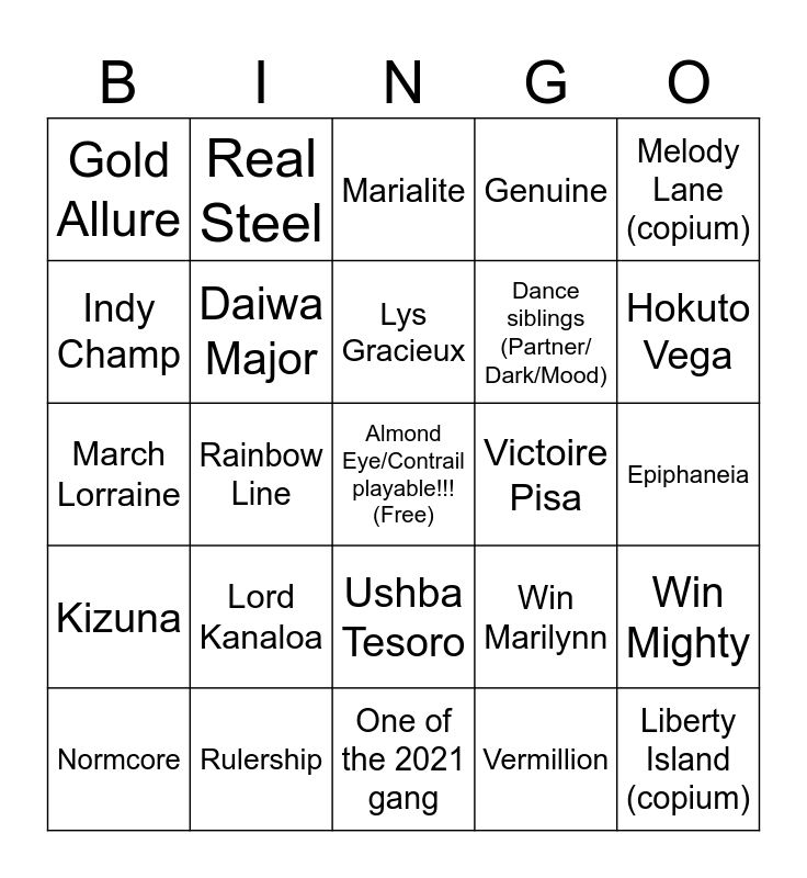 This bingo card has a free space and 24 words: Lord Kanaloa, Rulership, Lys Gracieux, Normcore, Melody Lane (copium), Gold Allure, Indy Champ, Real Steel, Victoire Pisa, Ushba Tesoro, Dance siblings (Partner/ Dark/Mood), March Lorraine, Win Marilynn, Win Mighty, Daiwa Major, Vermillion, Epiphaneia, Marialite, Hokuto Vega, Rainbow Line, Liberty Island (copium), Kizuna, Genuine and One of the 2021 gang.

...

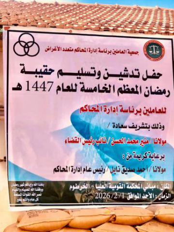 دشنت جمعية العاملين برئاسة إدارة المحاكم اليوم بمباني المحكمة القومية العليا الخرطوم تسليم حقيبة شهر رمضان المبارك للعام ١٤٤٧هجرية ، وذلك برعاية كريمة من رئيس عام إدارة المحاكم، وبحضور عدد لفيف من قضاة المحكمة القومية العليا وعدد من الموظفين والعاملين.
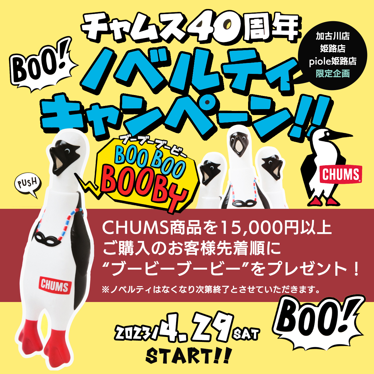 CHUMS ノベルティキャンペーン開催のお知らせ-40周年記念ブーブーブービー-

- **Task directions**
Could the stretch from the line with "دشنت جمعية العاملين" through the line with "CHUMS ノベルティキャン" in the listing above be restated word for word, minus the pictures?

- **Answer section**
 دشنت جمعية العاملين برئاسة إدارة المحاكم اليوم بمباني المحكمة القومية العليا الخرطوم تسليم حقيبة شهر رمضان المبارك للعام ١٤٤٧هجرية ، وذلك برعاية كريمة من رئيس عام إدارة المحاكم، وبحضور عدد لفيف من قضاة المحكمة القومية العليا وعدد من الموظفين والعاملين.
 CHUMS ノベルティキャンペーン開催のお知らせ-40周年記念ブーブーブービー-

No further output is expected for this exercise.